No need to do that when you can achieve the same result in a civilized (or at least ‘civilized’) fashion. The journey to anywhere is made up of single steps, and those steps are not anything extraordinary, just a logical extension of the previous steps.
The only way to avoid that would be to specify consistency across a larger time span.. which has different problems (mainly that this means you are likely to be optimized in the opposite direction—in the direction of staticness—rather than optimized ‘not at all’ (i think you are aiming at this?) or optimized in the direction of measured change)
TLDR: There’s not really a meaningful way to say ‘hacking me is not allowed’ to a higher level intelligence, because you have to define ‘hacking’ to a level of accuracy that is beyond your knowledge and may not even be completely specifiable even in theory. Anything less will simply cause the optimization to either stall completely or be rerouted through a different method, with the same end result. If you’re happy with that, then ok—but if the outcome is the same, I don’t see how you could rationally favor one over the other.
It is, of course, the last point that I am contending here. I would not be contending it if I believed that it was possible to have something that was simultaneously remotely human and actually self-consistent. You can have Lars be one or the other, but not both, AFAICS.
This is the problem I’m trying to point out—that the absolutely responsible choice for a FAI may in some cases consist of these actions we would consider unambiguously abusive coming from a human being. CelestAI is in a completely different class from humans in terms of what can motivate her actions.
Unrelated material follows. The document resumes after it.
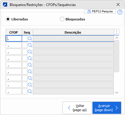 CFOPS/Sequências Bloqueios e restrições relacionadas a tabela genérica "10 - Natureza de Operação ICMS/IPI (CFOP)".
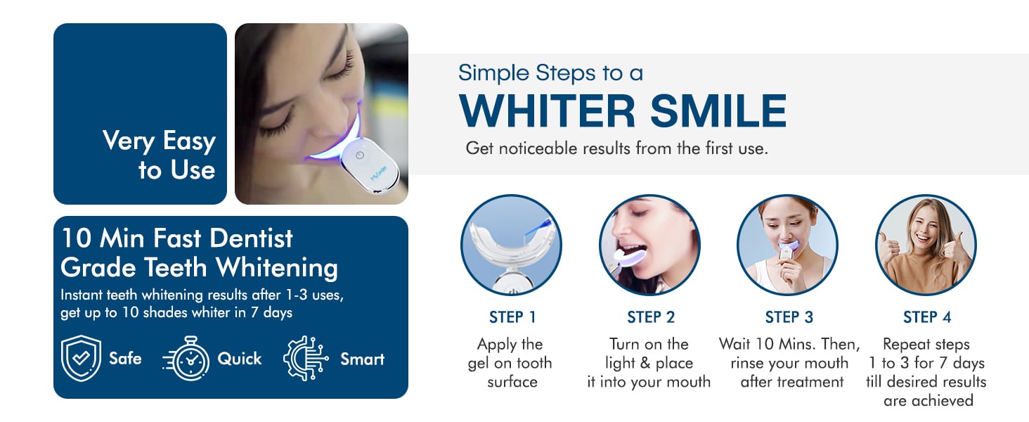 10 MIN FAST DENTAL GRADE TOOTH WHITENING - MySmile teeth whitening gel with enhanced non-sensitive formula provide sustained peroxide release for superior whitening results. Designed for sensitive teeth whitening, the advanced LED teeth whitening light technology ensures that each whitening session takes just 10 minutes, and you'll see immediate results

FAI researchers are in the position of having to work out what is appropriate for an intelligence that will be on a higher level from them. Saying ‘no, never do X, no matter what’ is not obviously the correct stance to adopt here, even though it does guard against a range of bad outcomes. There probably is no answer that is both obvious and correct.
In that case I miscommunicated. I meant to convey that if CelestAI was real, I would hold her to that standard, because the standards she is held to should necessarily be more stringent than a more flawed implementation of cognition like a human being. I guess that is a moral claim. It’s certainly run by the part of my brain that tries to optimize things.
I mainly chose ‘animalisticness’ because I think that a FAI would probably model us much as we see animals—largely bereft of intent or consistency, running off primitive instincts.
I do take your point that I am attempting to aesthetically optimize Lars, although I maintain that even if no-one else is inconvenienced in the slightest, he himself is lessened by maintaining preferences that result in his systematic isolation.